So you may want to pause the video if you want to remind yourselves what these words mean before pressing play to continue.

This lesson contains two learn cycles.

In the first learn cycle, we're going to focus on identifying correlation and types of correlation.

And then in the second learn cycle, we're going to focus on interpreting what correlation tells us about the data in different contexts.

Let's start off with identifying correlation.

Scatter graphs can be used to investigate the nature of a relationship between two variables.

Here we have four scatter graphs, labelled A, B, C, and D, and the points appear quite different in these four scatter graphs.

Which scatter graphs would suggest there is an association between the two variables?

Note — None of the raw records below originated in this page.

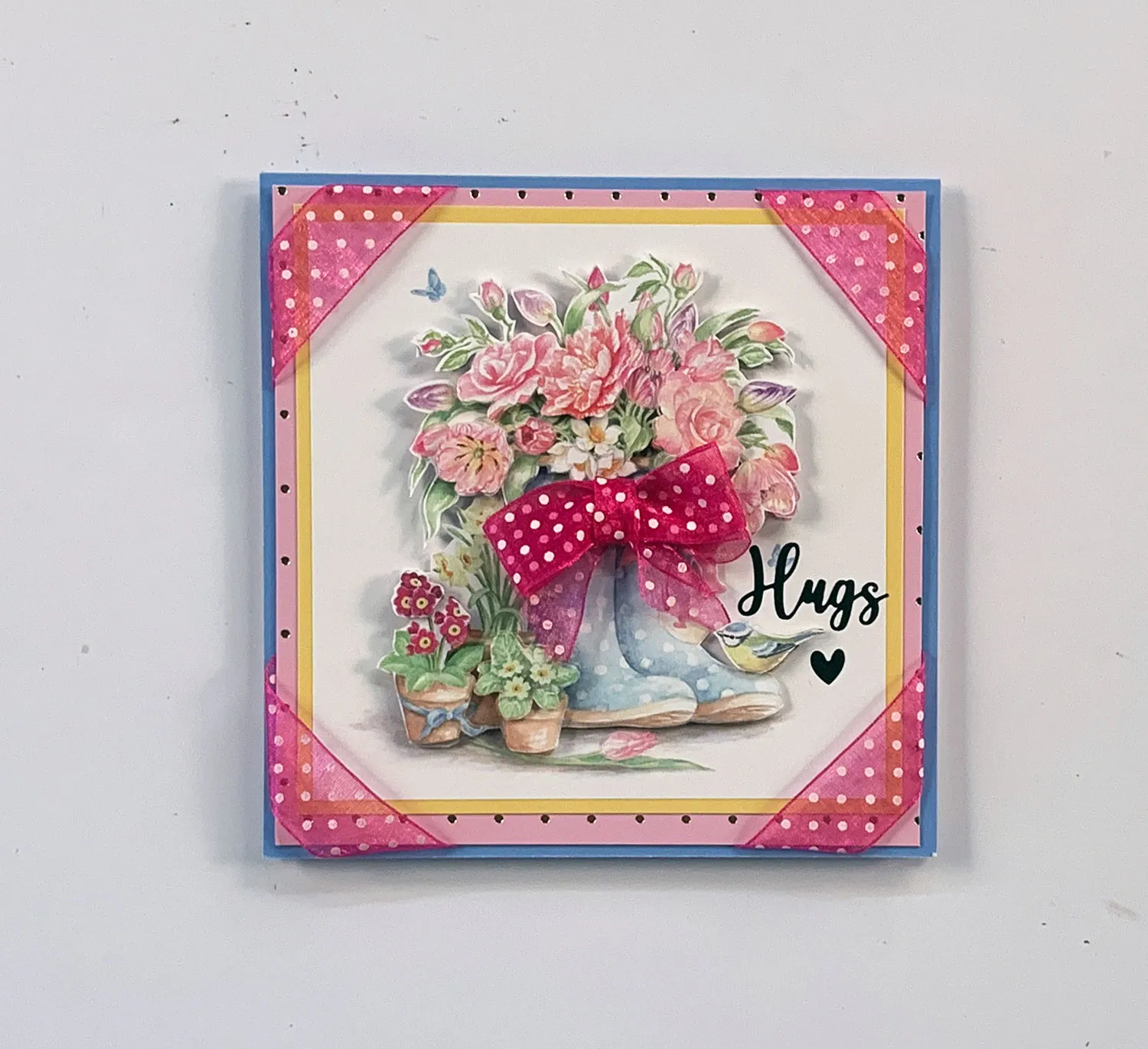 Cut 5 5/8”x11 ½” blue Adorable Scorable. Score and fold in half to make a 5 5/8” square card. Mat the rainboots sheet from the Little Book of Springtime Wishes on yellow Adorable Scorable with 1/8” borders. Mat again on pink dot foiled Adorable Scorable with 3/8” borders. Wrap magenta ribbon around the corners and glue the excess to the back. Glue to the card leaving a 1/8” blue border. Fussy cut the layers from identical pages and foam tape to the original image. Zot™ a magenta bow in center and select Dazzle ™ greeting.
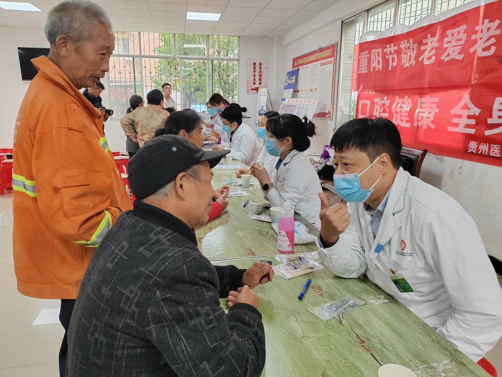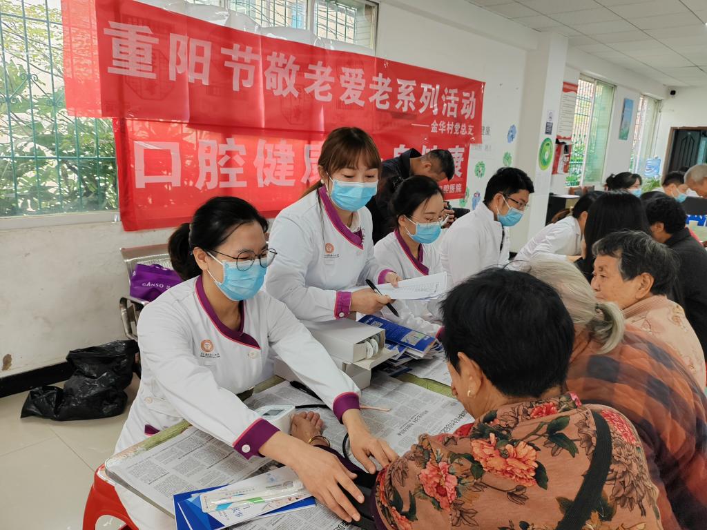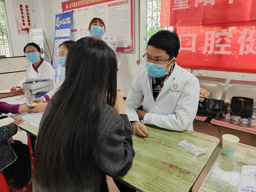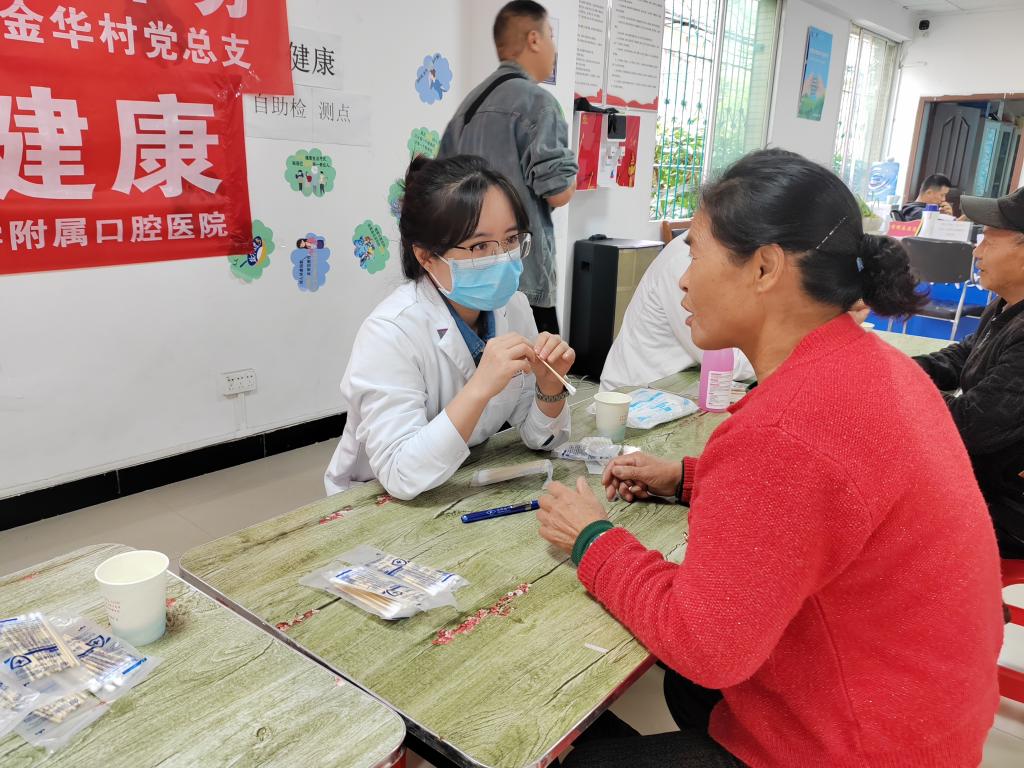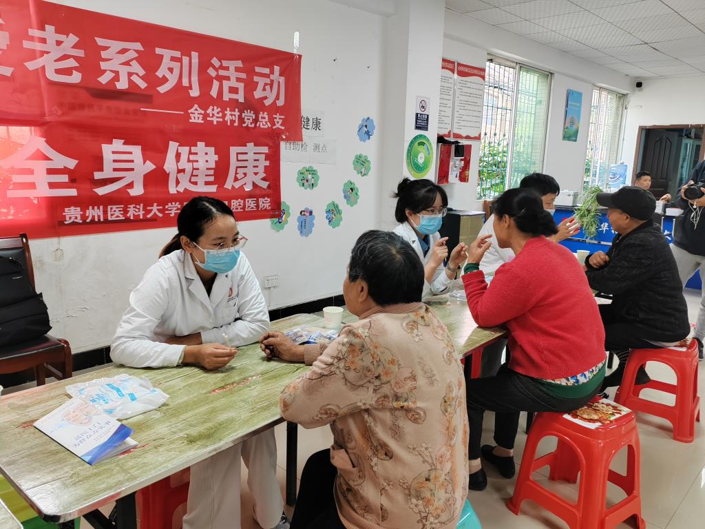 10月11日,口腔预防科联合教工二支部、教工三支部、教工四支部、教工六支部、教工十二支部在观山湖区金华镇金华村开展“关爱老人、从齿开始”口腔科普义诊进农村活动。
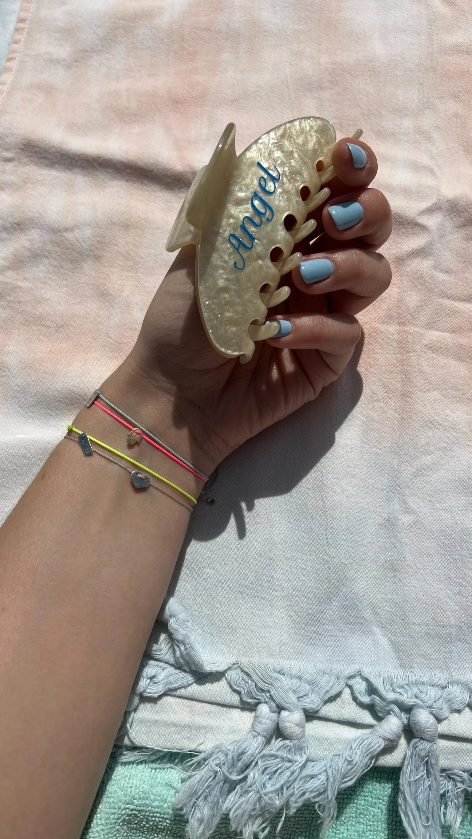 A glamorous marble look hair clip with a shiny gold touch and sky blue writing on one side.
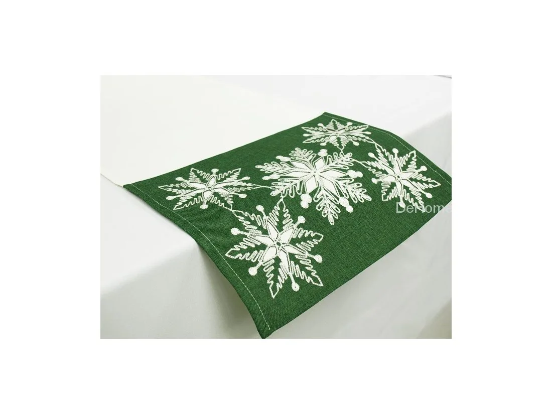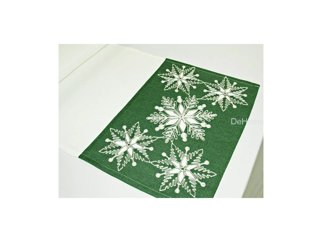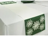 Haftowana nakładka świąteczna w rozmiarze 40x110 cm w kolorze zielonym z białym haftem -podszyty biała tkaniną.
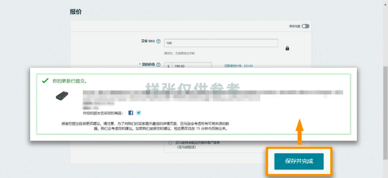 点击“销售此商品>在提供的数据字段中输入你的报价详情(Offer)>点击保存并完成(Save and finish)”。
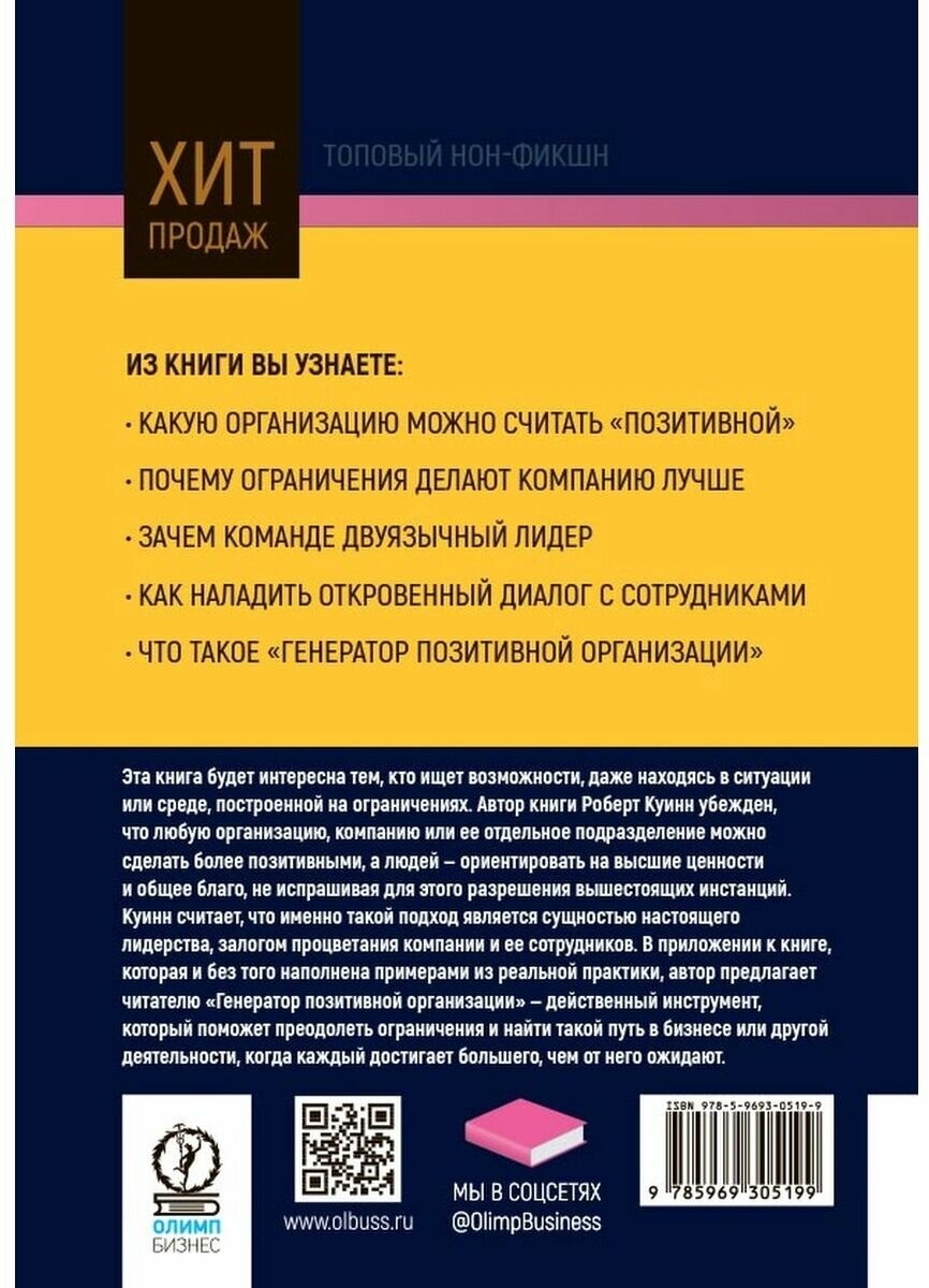 Позитивная организация. Освобождение от стереотипов принуждения консерватизма (Куинн Р.Е.); Олимп-Бизнес, 2023
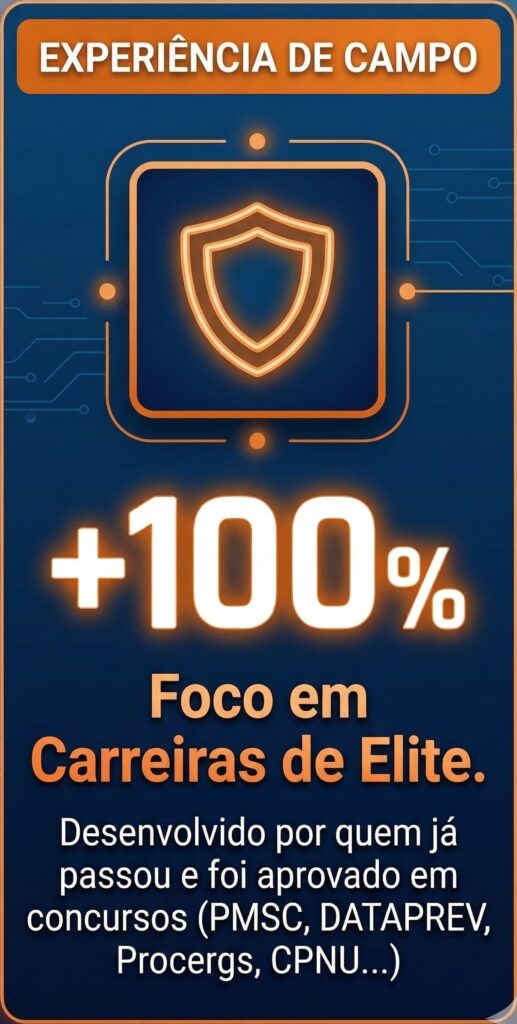 Para entender a lógica e parar de apenas decorar textos. As bancas mudam as palavras para te confundir. Em vez de decorar parágrafos de manuais, você entende o funcionamento dos conceitos, ganhando segurança para marcar a alternativa correta em qualquer questão.
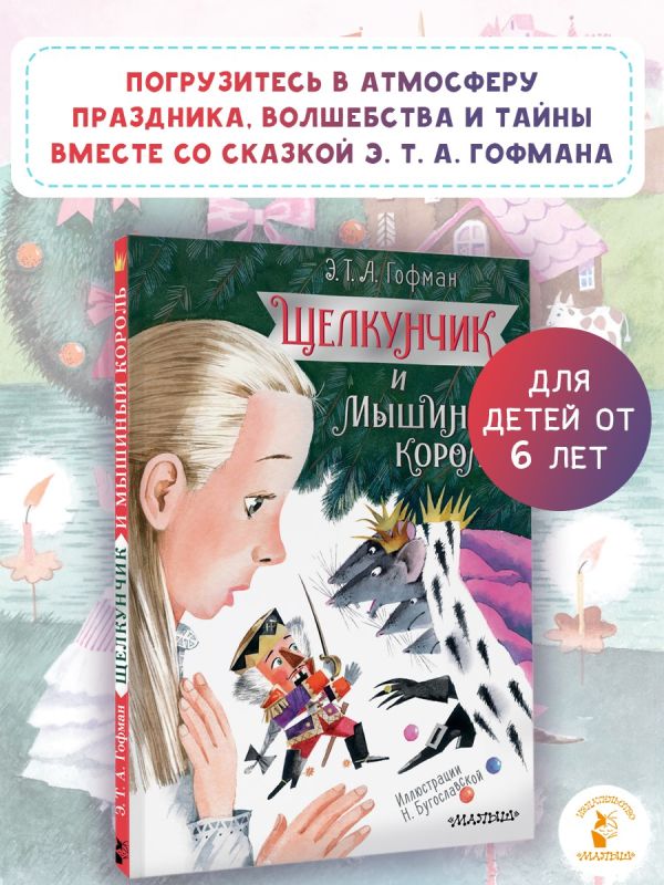 «Щелкунчик и Мышиный король» — это атмосфера праздника, волшебства и тайны. Классическая история Э.Т.А. Гофмана про отважную Мари, непоседливого Фрица, смелого Щелкунчика и страшного Мышиного короля захватывает читателей вот уже более 200 лет! Великолепные, атмосферные, яркие иллюстрации Надежды Бугославской перенесут вас в мир чудес. Надежда Бугославская — лауреат Всероссийского конкурса «Образ книги» (2024) за иллюстрации к этому произведению. Кол-во страниц - 64 Тип обложки - Твердый переплет
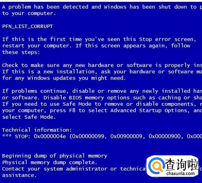 蓝屏的具体显示内容都差不多,具体原因也不好判断,但有一种情况例外,,就是如图所示,在下边有一行英文,有“plysical memory”字样,这基本可以断定是内存条的问题(当然没有这行字也不能排除内存)
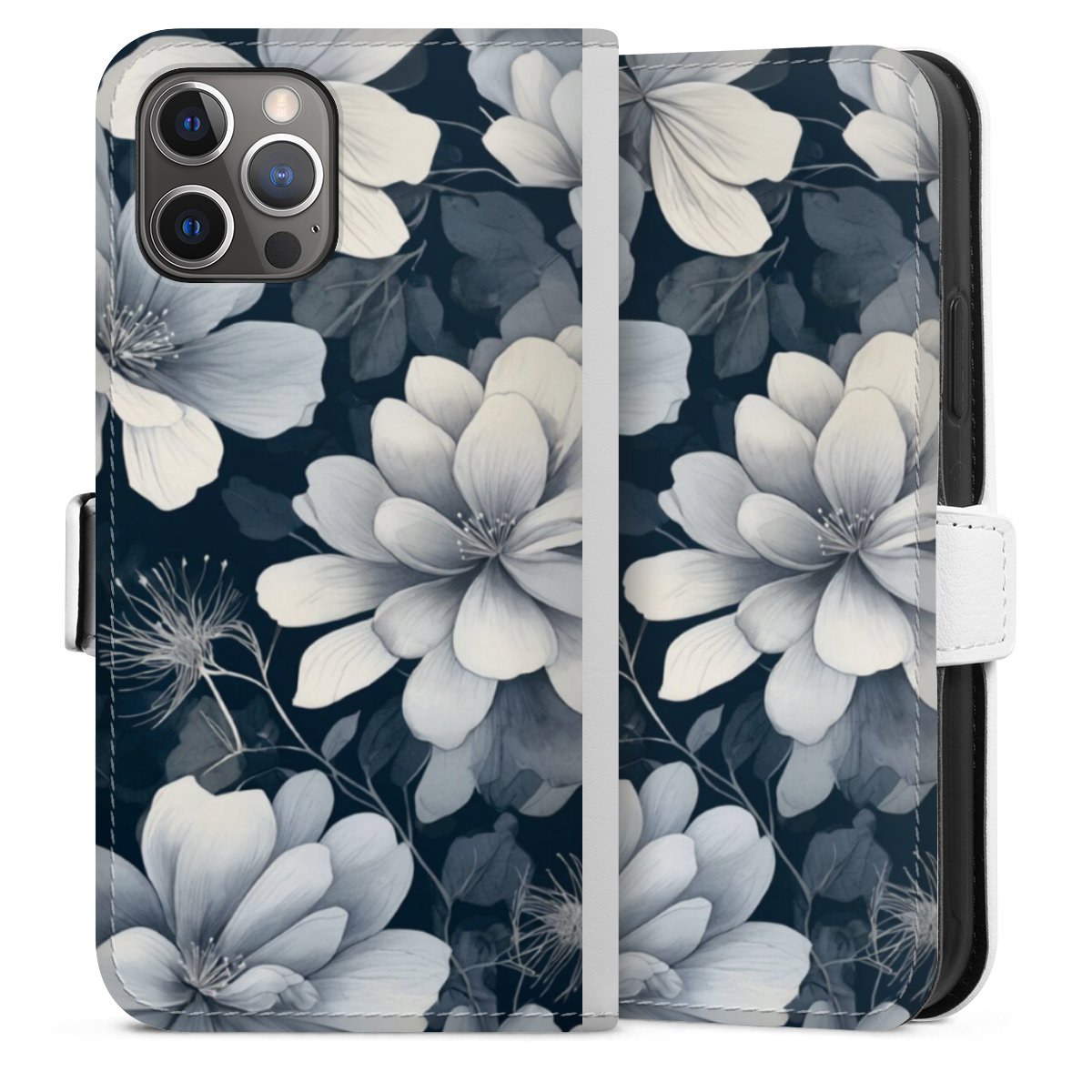 For our Sideflip Case we are using our advanced direct printing technology. The back and frontside are fully printabale, the inside of the phone bag is left unprinted. You can order the phone case without print, printed completely or also with a partial print.
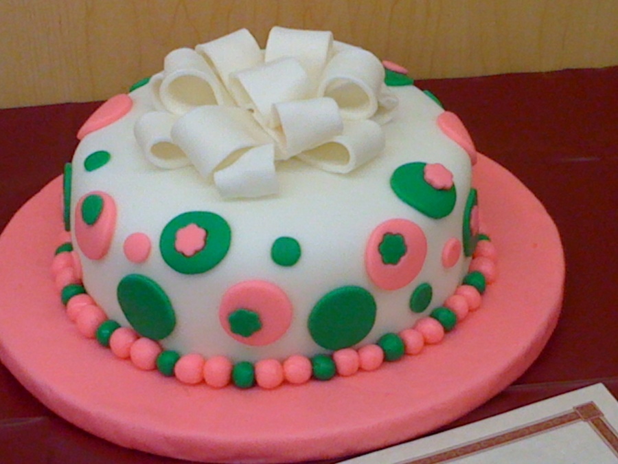 My 1st attempt at fondant. It's a yellow cake with buttercream icing and buttercream fondant.
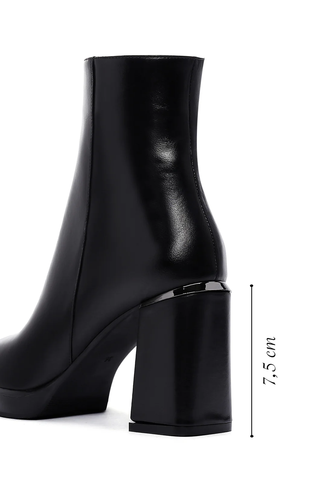 Topuk: Yaklaşık 7,5 cm blok topuk, feminen şıklık ve dengeli yürüyüş

Pause the video while you think about this, and press play when you're ready to continue.

Scatter graphs B, C and D, would suggest there is an association between its two variables, because the points seem to form a discernible shape or pattern.

With scatter graph A, the points are all over the place.

They seem to sort of be randomly placed around the graph, so that would suggest there's not so much of an association between those two variables.

But with scatter graphs B, C, and D, those points seem to form some kind of pathway through the graph, and leave certain parts of the graph without any points plotted whatsoever.

That would suggest that the variables in these scatter graphs are interacting with each other in some kind of way, and that they are associated with one another.

And an association between variables may be a linear association, or a non-linear association.

With scatter graphs B and C, we have a linear association, because the points appear to be forming a straight line.

With scatter graph D, we have a non-linear association between its variables, because the points seem to be forming a curve.

When the points appear to form a straight line, it suggests that the rate of change is constant throughout the data, and in these cases, there is correlation between the two variables.

So which scatter graphs here show correlation? Pause the video while you think about it, and press play when you're ready to continue.

Scatter graphs B and C show correlation.

And that's because the points appear to follow the path of a straight line, which means that the rate of change is pretty much constant throughout the data.

Every time we move to the right along the horizontal axis, we move up to get to the data again, a similar amount each time.

Whereas with scatter graph D, yes, those points do show an association, but it's non-linear.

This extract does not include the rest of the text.